**Exercise directions:**
Leave out the pictures and restate exactly, and only, the lines from the one that contains "正倉院に多数収蔵されている、" through the final line of the material below.

**Source data:**
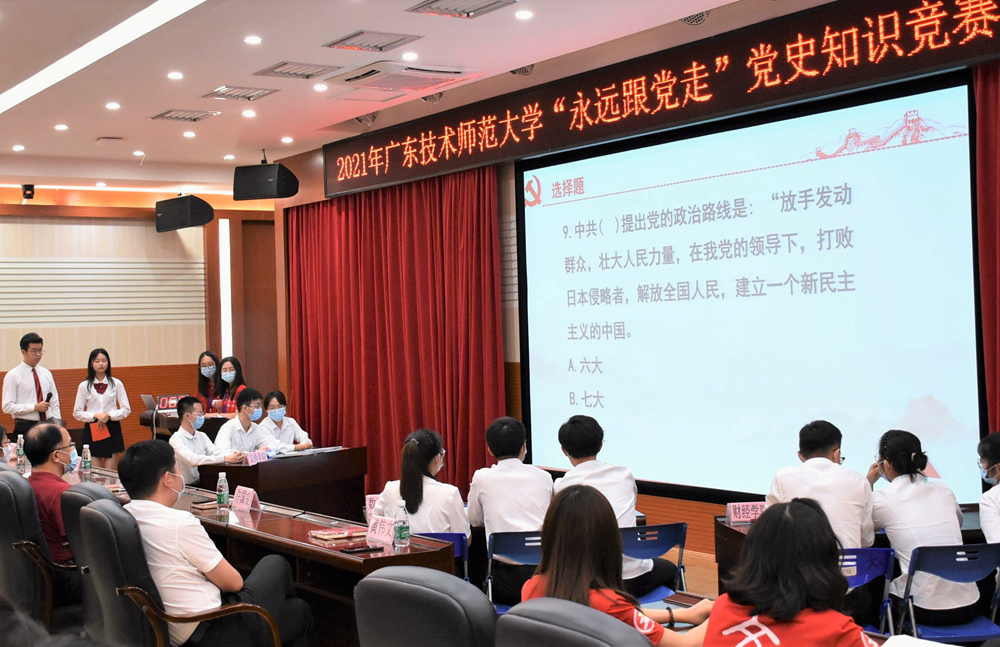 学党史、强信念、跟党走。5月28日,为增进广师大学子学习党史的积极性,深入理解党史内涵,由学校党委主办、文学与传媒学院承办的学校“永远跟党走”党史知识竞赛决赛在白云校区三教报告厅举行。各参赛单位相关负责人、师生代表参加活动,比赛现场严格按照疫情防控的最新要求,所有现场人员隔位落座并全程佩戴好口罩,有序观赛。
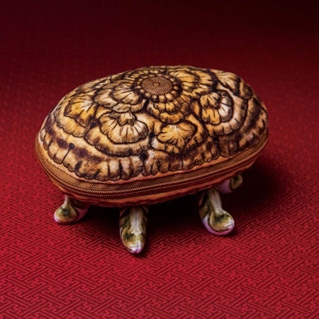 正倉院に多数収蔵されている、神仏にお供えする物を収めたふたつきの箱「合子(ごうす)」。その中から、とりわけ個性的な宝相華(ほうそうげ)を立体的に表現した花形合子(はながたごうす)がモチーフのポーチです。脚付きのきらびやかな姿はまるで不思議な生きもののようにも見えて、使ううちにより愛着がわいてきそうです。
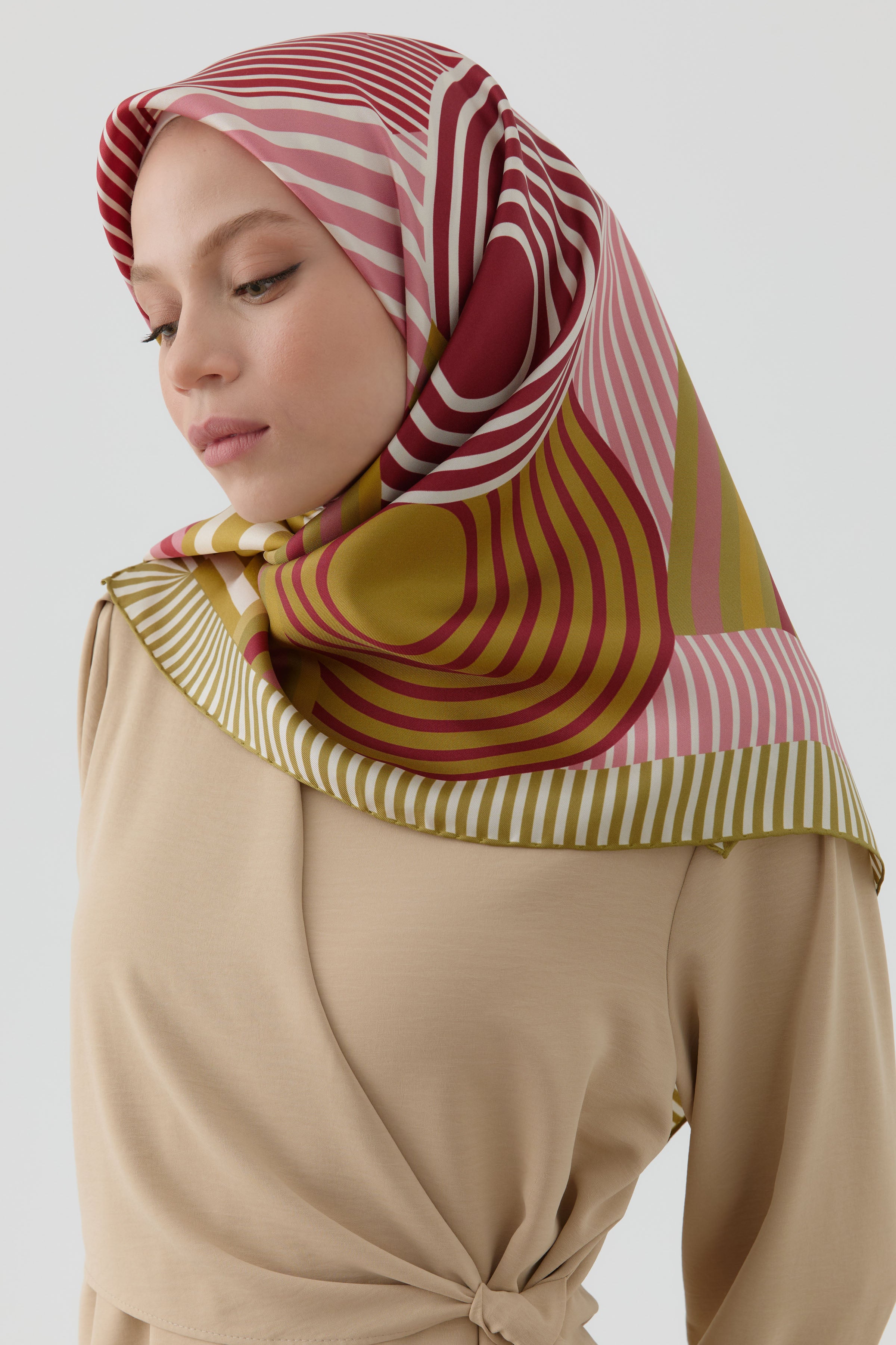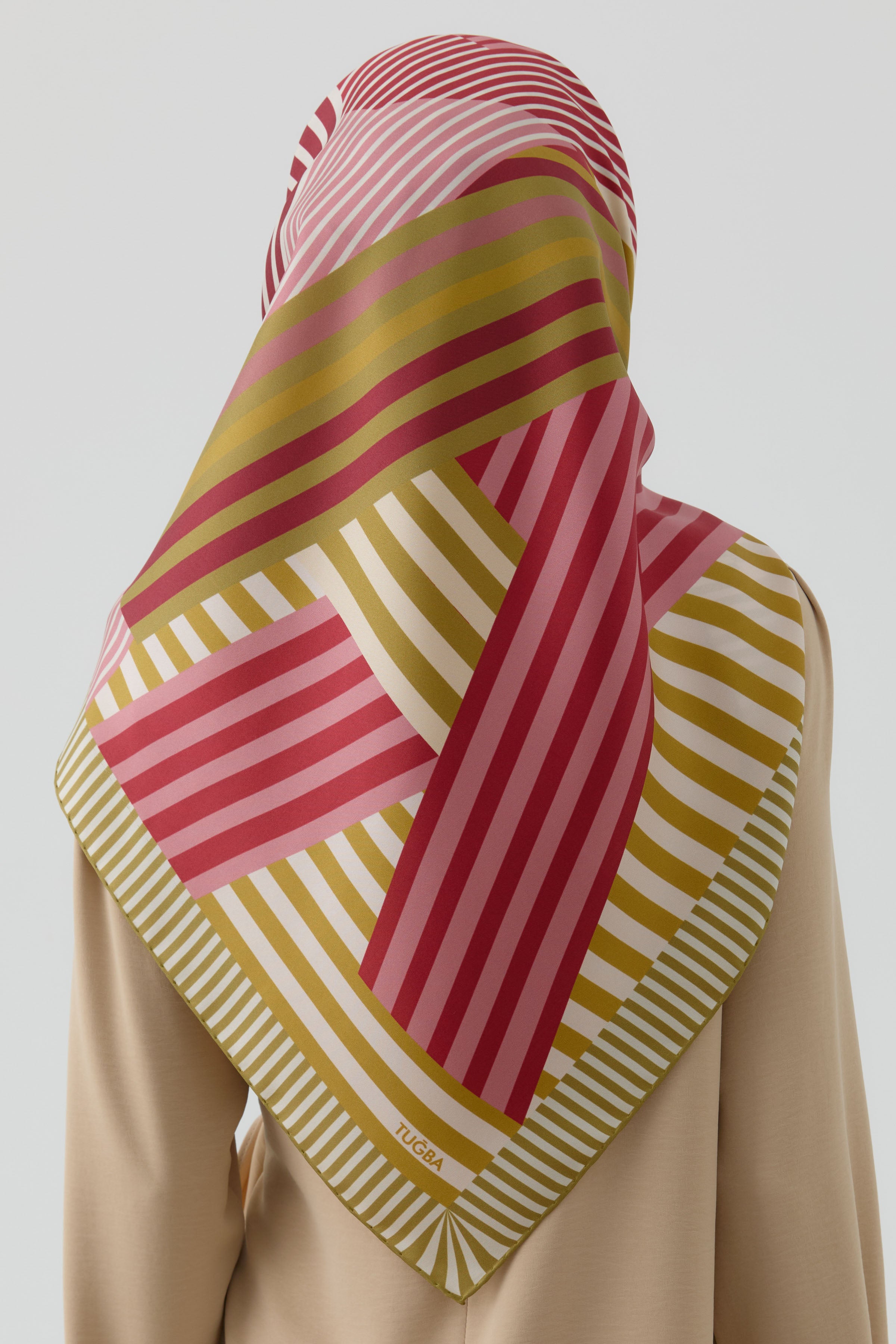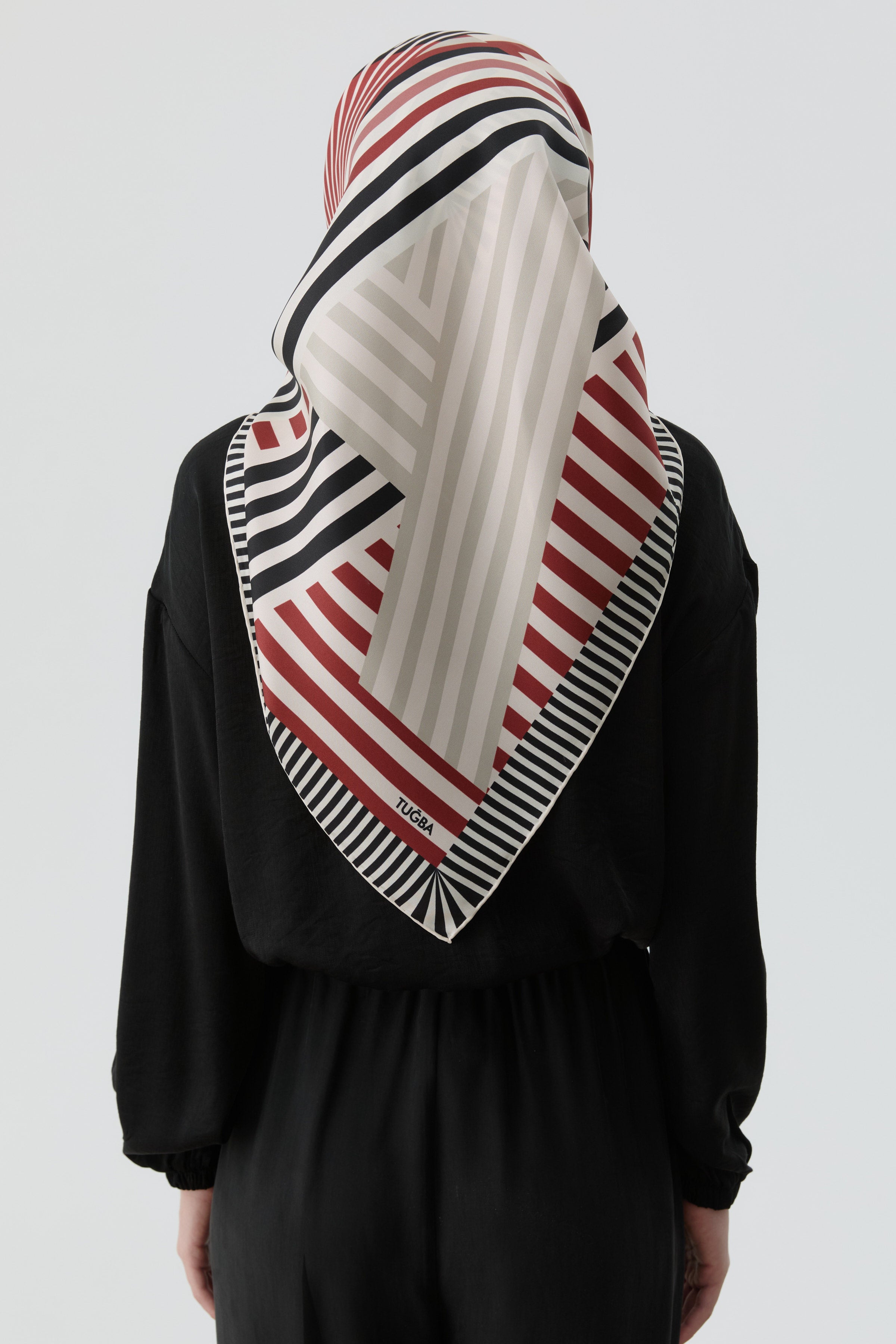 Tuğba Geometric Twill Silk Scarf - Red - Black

**Result:**
 正倉院に多数収蔵されている、神仏にお供えする物を収めたふたつきの箱「合子(ごうす)」。その中から、とりわけ個性的な宝相華(ほうそうげ)を立体的に表現した花形合子(はながたごうす)がモチーフのポーチです。脚付きのきらびやかな姿はまるで不思議な生きもののようにも見えて、使ううちにより愛着がわいてきそうです。
 Tuğba Geometric Twill Silk Scarf - Red - Black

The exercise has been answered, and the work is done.